言越洛說完后,就看向言硯,似乎是在問他的意見。
言硯咬了咬唇,飛快地看了旁邊的紀覺川一眼,緩緩點頭。
家里還有其他客人在,他和紀覺川睡一個房間的話,說不定會被人說閑話,還是分開睡吧。
見他同意,言越洛略一點頭,站起身:“我去房間拿東西。”
等言越洛和言夫人上了樓,言硯拉了一下紀覺川的手:“老公,我帶你去我房間吧。”
他說完后,身邊的人半天沒動,抬頭一看,紀覺川薄唇往下抿著,似乎不太開心。
言硯小心翼翼地又喊他一聲:“老公?”
“嗯。”紀覺川垂眸,跟著他上了樓。
二樓最里面的房間是言硯的房間。
他的房間雖然幾個星期沒住人,但里面還是打掃得一塵不染,只是有些空蕩蕩的。
言硯帶著紀覺川走進去,四處看了看,確定沒什么問題后,松開了牽著他的手。
“那我先去我哥房間啦。”
剛轉身,就聽到身后紀覺川喊住了他。
“言硯,你哥要去酒店住嗎?”
言硯長睫輕眨,不明白紀覺川為什么要這樣問,但還是點了點頭:“對呀。”
紀覺川抿了下唇,語氣淡淡:“他的身份特殊,在酒店住不合適吧。”
這回言硯聽明白了,言越洛可是明星,酒店人多眼雜,要是被狗仔拍到,或者被粉絲纏上了怎么辦?

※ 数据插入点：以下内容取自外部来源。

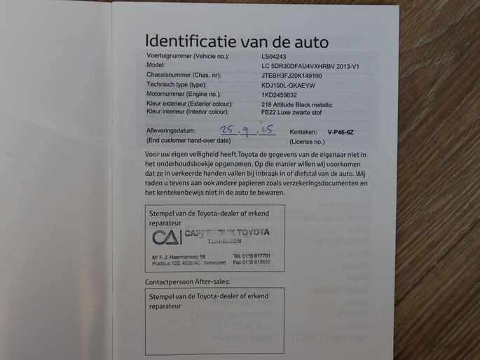 Betreft een zeer goed onderhouden en complete Toyota Land-cruiser! Het werkpaard van Toyota. Deze echte alleskunner is compleet uitgevoerd en is o.a. voorzien van; Lederen bekleding, Stoelverwarming, Climate control, Cruise control, Parkeercamera, Navigatiesysteem, verstralers (gekoppeld aan groot licht), All-terrain Geolandar banden, hoge en lage gearing waardoor geen terrein te gek is voor deze land-cruiser. Dit betreft de 3.0D en mag daarmee 3500KG geremd trekken, iets wat de meeste helaas niet meer mogen. Ook is deze auto keurig dealer onderhouden. Zo heeft de auto zijn laatste onderhoud gehad op 29-08-2024 bij 230.550 kilometer t.w.v. €1.650 (hierbij zijn de remschijven en blokken aan de voorzijde ook vervangen).

他苦惱地皺起眉,在原地想了一會,還是不想給言越洛添麻煩。
“我去跟他說一聲。”
看言硯的背影消失在門后,紀覺川薄唇抿成了一條直線,似乎對自己剛剛的行為有些掙扎。
他什么時候也學會用心機了?
那邊言硯快步走到言越洛房間門口,房間門開著,他探頭往里面看了一眼,發現言越洛已經收好了要帶去酒店的東西。

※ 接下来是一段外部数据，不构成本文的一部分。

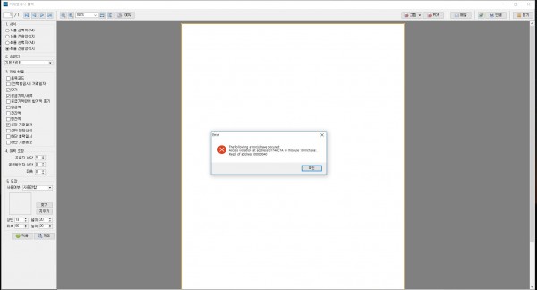 환경설정에서 40줄 전용양식지로 바꾸었는데도 안되고 에러 창만 뜨고

看到言硯出現在門口,還朝他點了下頭:“我收好了,可以進來了。”
言硯站在門口沒進去,他淺淡的眼眸里有些擔心:“哥,我還是不睡你房間了。”
言越洛動作一頓,抬頭看他:“為什么?”
“這么晚了,再出去找酒店很麻煩吧?”言硯捏了捏衣角,臉上有些糾結。
“我在附近酒店有專屬套房,不麻煩。”
眼見言越洛拿了東西就要出房間,言硯趕緊攔在門口。
“可是你現在過去,要是被狗仔拍到了怎么辦?”
言越洛停下腳步,看向言硯的眼神有幾分探究。
雖然不知道是什么原因,但現在的言硯跟以前的言硯有很大的區別,據他今天的觀察,除了性格的改變外,言硯比以前要遲鈍許多,或者說是單純。
因此,言硯不可能會想到他的身份不方便住酒店這一點。
他很快就想到了紀覺川身上,嘴角輕扯了一下。
沒想到那人看起來成熟正經,竟然會在言硯身上用這種小心機。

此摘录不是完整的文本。